Dropbox has deployed more than four million lines of Python code and is one of a growing number of companies that annotate code written in the dynamic programming language to make it easier to debug and understand.
Annotating Python code allows developers to indicate data types for variables, as well as types for function arguments and return values. This practice has various benefits, one of which is using a static type checker.
A type checker like mypy allows developers to spot a class of bugs that could otherwise slip through into software, by making it easier to run checks ahead of the code being executed. These checks can verify various operations, such as whether the data being passed to and from functions is of the correct type.
While Python is still a dynamically typed language, in 2015, Python 3.5 gained support for Type Hints, which allow developers to include annotations that can be scrutinized by a type checker like mypy.
These annotations are optional and aren’t executed, allowing the developer to use a mix of dynamic and static typing, and are designed not to affect the speed at which the code is executed.
The downside is that adding type annotations means slightly more work for the developer up front, or later on if annotating legacy code, as they now have to specify data types explicitly.
However, Jukka Lehtosalo, lead developer of mypy and engineer at Dropbox, says the cost is more than worth it when working with millions of lines of Python code.

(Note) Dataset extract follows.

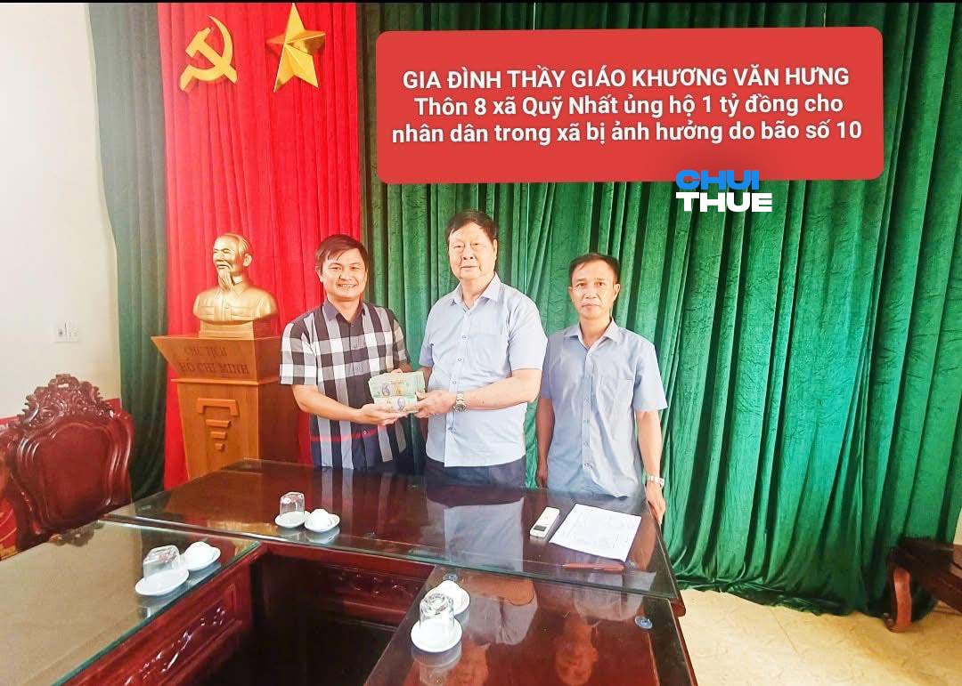 Với tinh thần “Tương thân, tương ái”, chung tay cùng cấp ủy, chính quyền và nhân dân khắc phục hậu quả do cơn bão số 10 gây ra, gia đình thầy giáo Khương Văn Hưng -thôn 8- xã Quỹ Nhất đã có những phần quà trị giá 1 tỷ đồng, đây là sự ủng hộ thiết thực và kịp thời đối với nhân dân xã Quỹ Nhất bị ảnh hưởng do bão và lốc xoáy gây ra.

“At our scale—millions of lines of Python—the dynamic typing in Python made code needlessly hard to understand and started to seriously impact productivity,” he writes.

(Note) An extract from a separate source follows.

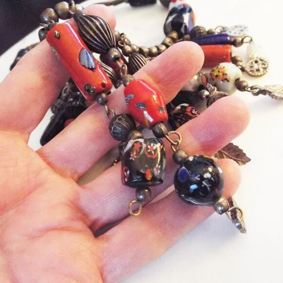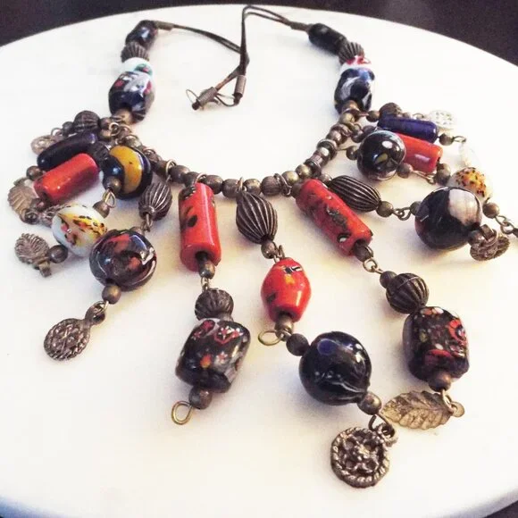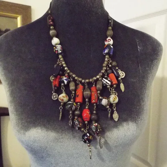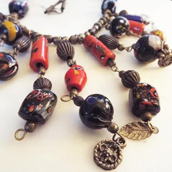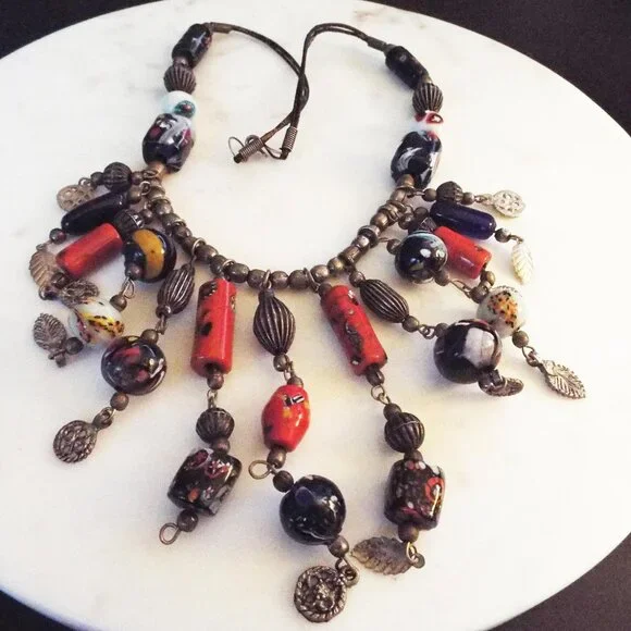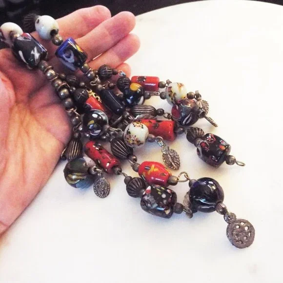ANTIQUE AFRICAN TRADE BEADS MULTICOLOR ARTGLASS FRINGE NECKLACE F

In fact, type checking and annotations become important in a dynamic language like Python long before hitting millions of lines of code, he adds.
“Once your project is tens of thousands of lines of code, and several engineers work on it, our experience tells us that understanding code becomes the key to maintaining developer productivity,” he says.

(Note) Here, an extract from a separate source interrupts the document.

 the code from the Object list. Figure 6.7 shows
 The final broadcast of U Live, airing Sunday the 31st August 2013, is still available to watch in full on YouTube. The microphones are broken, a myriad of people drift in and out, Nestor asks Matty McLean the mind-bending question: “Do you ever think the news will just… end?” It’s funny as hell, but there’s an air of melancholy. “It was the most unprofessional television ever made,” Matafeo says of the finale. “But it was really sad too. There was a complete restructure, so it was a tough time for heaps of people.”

“Without type annotations, basic reasoning such as figuring out the valid arguments to a function, or the possible return value types, becomes a hard problem.”
But annotating four million lines of Python code in this way isn’t a straightforward task, here are some of the lesser-known benefits and how Dropbox accomplished the task.
Less obvious benefits
It makes refactoring easier
“Refactoring is much easier, as the type checker will often tell exactly what code needs to be changed,” says Lehtosalo .
“We don’t need to hope for 100% test coverage, which is usually impractical anyway. We don’t need to study deep stack traces to understand what went wrong.”
It makes testing easier
“Even in a large project, mypy can often perform a full type check in a fraction of a second,” he says.
“Running tests often takes tens of seconds, or minutes. Type checking provides quick feedback and allows us to iterate faster. We don’t need to write fragile, hard-to-maintain unit tests that mock and patch the world to get quick feedback.”
It makes it easier to write Python
“IDEs and editors such as PyCharm and Visual Studio Code take advantage of type annotations to provide code completion, to highlight errors, and to support better go to definition functionality—and these are just some of the helpful features types enable,” he says.
“For some programmers, this is the biggest and quickest win.”
It provides verified documentation
While you could document types in docstrings, Lehtosalo says using a type checker gets around this issue of inconsistent or unclear documentation by enforcing a single style.
“A type checker like mypy solves this problem by providing a formal language for describing types, and by validating that the provided types match the implementation (and optionally that they exist). In essence, it provides verified documentation,” he says.
How Dropbox did it
Annotated legacy code gradually with weekly checks on coverage
“We send weekly email reports to teams highlighting their annotation coverage and suggesting the highest-value things to annotate.”
Increased strictness over time
“We gradually increased strictness requirements for new code,” he says.
“We started with advice from linters asking to write annotations in files that already had some. We now require type annotations in new Python files and most existing files.”
Took steps to improve performance
Checking such a large amount of code will obviously take a lot of time and Lehtosalo says “an immediate obstacle to growing mypy use was performance”.
However, Dropbox was able to improve performance via incremental checking — only checking modified files and their dependencies, developing a mypy daemon with various efficiencies, and developing a compiled version of mypy that runs 4x faster.
Gave talks about the benefits of type checking
“We gave talks about mypy and chatted with teams to help them get started.”
Regularly checked in with staff about their frustrations
“We run periodic user surveys to find the top pain points and we go to great lengths to address them (as far as inventing a new language to make mypy faster!).”
Provided code editor integrations
“We provided integrations for running mypy for editors popular at Dropbox, including PyCharm, Vim, and VS Code. These make it much easier to iterate on annotations, which happens a lot when annotating legacy code.”
Experimented with automated conversion
After an earlier automated annotation tool proved largely ineffective, Dropbox is experimenting with a self-built static analysis tool instead.
“We wrote a tool to infer signatures of functions using static analysis. It can only deal with sufficiently simple cases, but it helped us increase coverage without too much effort,” says Lehtosalo.